Sunday, October 26, 2014

Jane Austen and wildfire?

Interesting stream of thought after returning from the 2014 annual meeting of the Geological Society of America: was relaxing at home late Thursday afternoon and caught the end of one of my favorite movies, the rather esoteric chick flick, The Jane Austen Book Club. Set in California and filmed in southern California, their last book club meeting, discussing Persuasion, was at a rocky beach, typical of many along the Pacific US coast. Besides the intensely deep blue color of Pacific water, these beaches descending from the rugged coastline are different from the wide sandy beaches I have lived near most of my life on the US Atlantic passive-margin coastal plain from New York south to Florida.
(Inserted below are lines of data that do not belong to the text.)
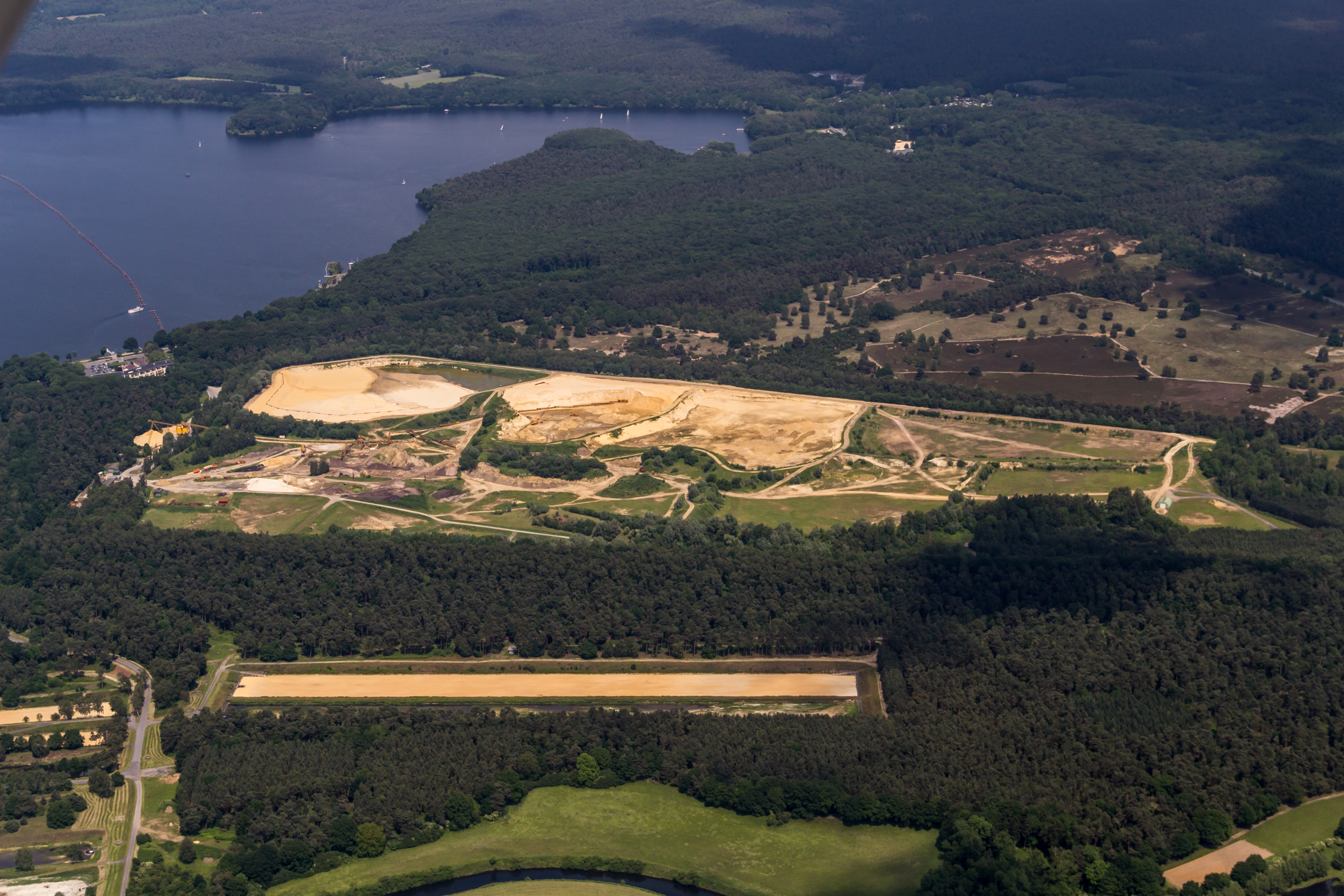 Nature reserve near Haltern am See, North Rhine-Westphalia, Germany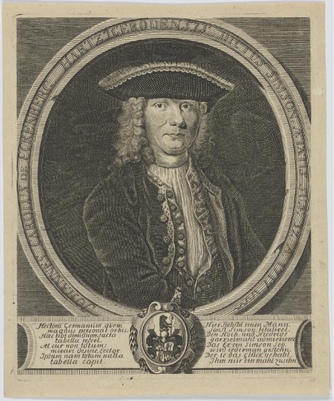 Portrait of Johann Carl von Eckenberg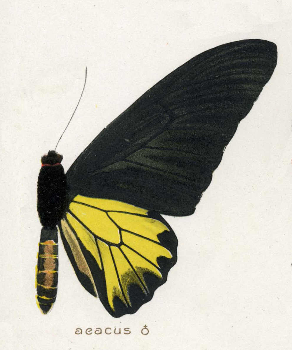 Golden Birdwing, male, upperwing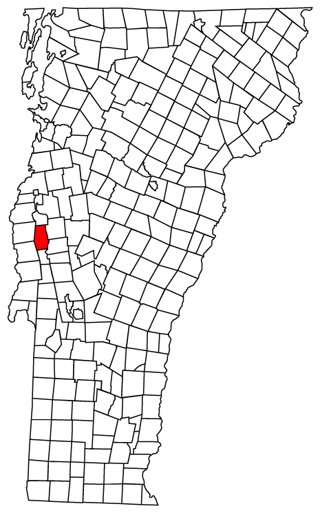 Description: Map of Vermont towns with Cornwall highlighted Source: Map created by Jared C. Benedict on 26 March 2004. Copyright: © Jared C. Benedict.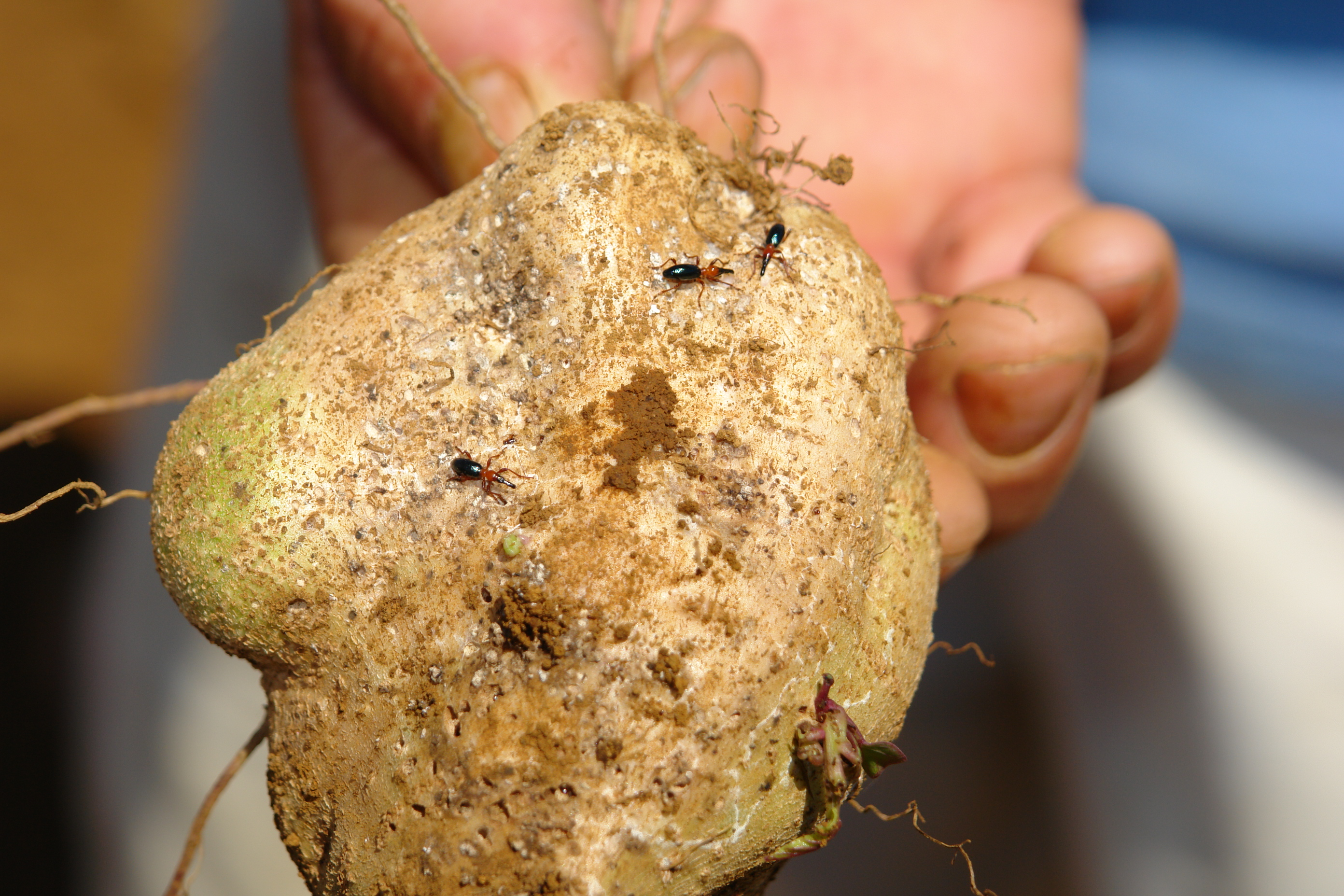 Sweetpotato weevils (Cylas formicarius).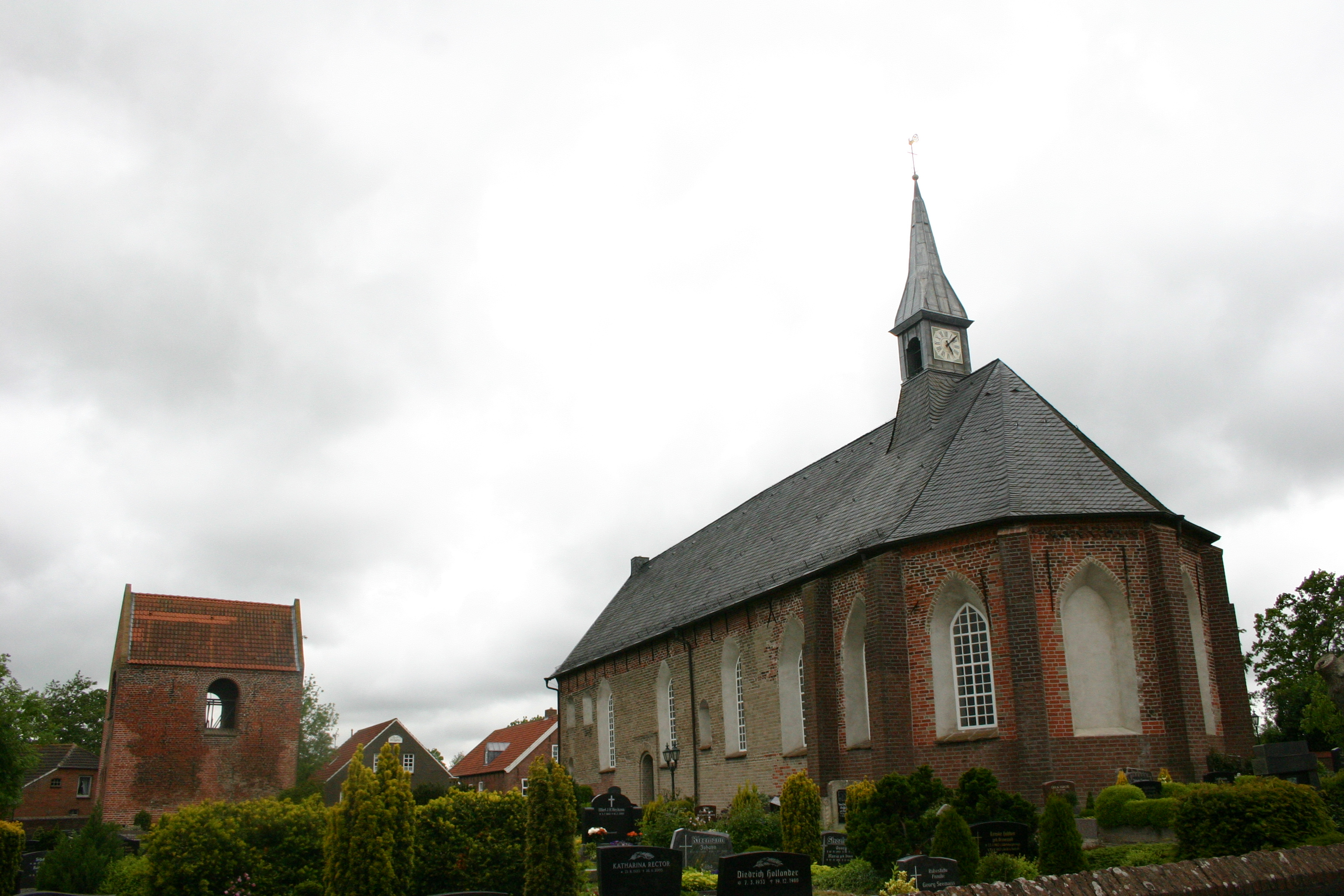 Historic St. Mary's Church in Nesse, district of Aurich, East Frisia, Germany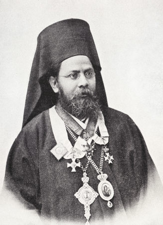 Fotios, Patriarch of Alexandria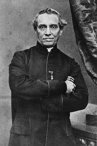 Giacomo Antonelli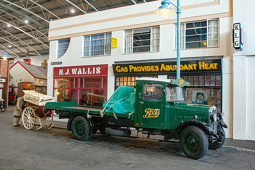 Thornycroft Bulldog lorry of 1931 in the Milestones Musem registration number TV 5530.

I was reminded of beaches like this in Oregon, with Haystack Hill, which was one my husband and I stopped at while driving down Pacific coastal highways from Seattle to Los Angeles in 2012.
The Oregon beach, like several others we saw, was pebbly, like the movie's 'Persuasion' beach; this Oregon one was so consistent in pebble size and color, I used it as my iPhone home screen wallpaper for a while. But thinking about that beach, led me mentally to the coastal redwood state and national parks we visited farther south in northern California during that trip.
I was fascinated by the not infrequent fire scarring on the redwoods, here from Jedediah Smith Redwoods State Park ( I was intrigued enough to take several burn scar photos). Redwoods can survive ground fires, even with obvious burning, although decay associated with scars can be a problem in recovery.
A number of trees have these fire cavities. A good explanation of these can be found at Once fire starts burning the more resistant sapwood inside, fire temperature and intensity can increase and seriously threaten survival of the tree. The Coast Redwood Ecology and Management website, a consortium of private institutions and government agencies, also has case studies of individual modern fires among redwoods (

Giant redwoods, a coastal tree, are a different species from the giant sequoia, which are also only found in California but at higher inland elevations. A number of studies of fire history and sequoia have been done by Thomas Swetnam (including "Fire history and climate change in giant sequoia groves" Science, v. 262, 1993), who has collaborated with, among others, Andrew Scott, mentioned in previous blogs.

In coals and organic-bearing sediments, examples of the incomplete burning of wood during wildfires millions of years ago can also be found. Under the microscope, particles are occasionally seen that show the transition from very burned to less charred wood. Fusinite, a highly reflecting inertinite maceral (see first blog entry) frequently showing the skeletal structure of charred wood or charcoal, may visibly transition to semi-fusinite, a less-reflecting maceral, but possibly still having a porous skeletal structure. Rarely, vitrinite, the maceral of uncombusted wood, may even be present showing a complete sequence from charred to unaffected.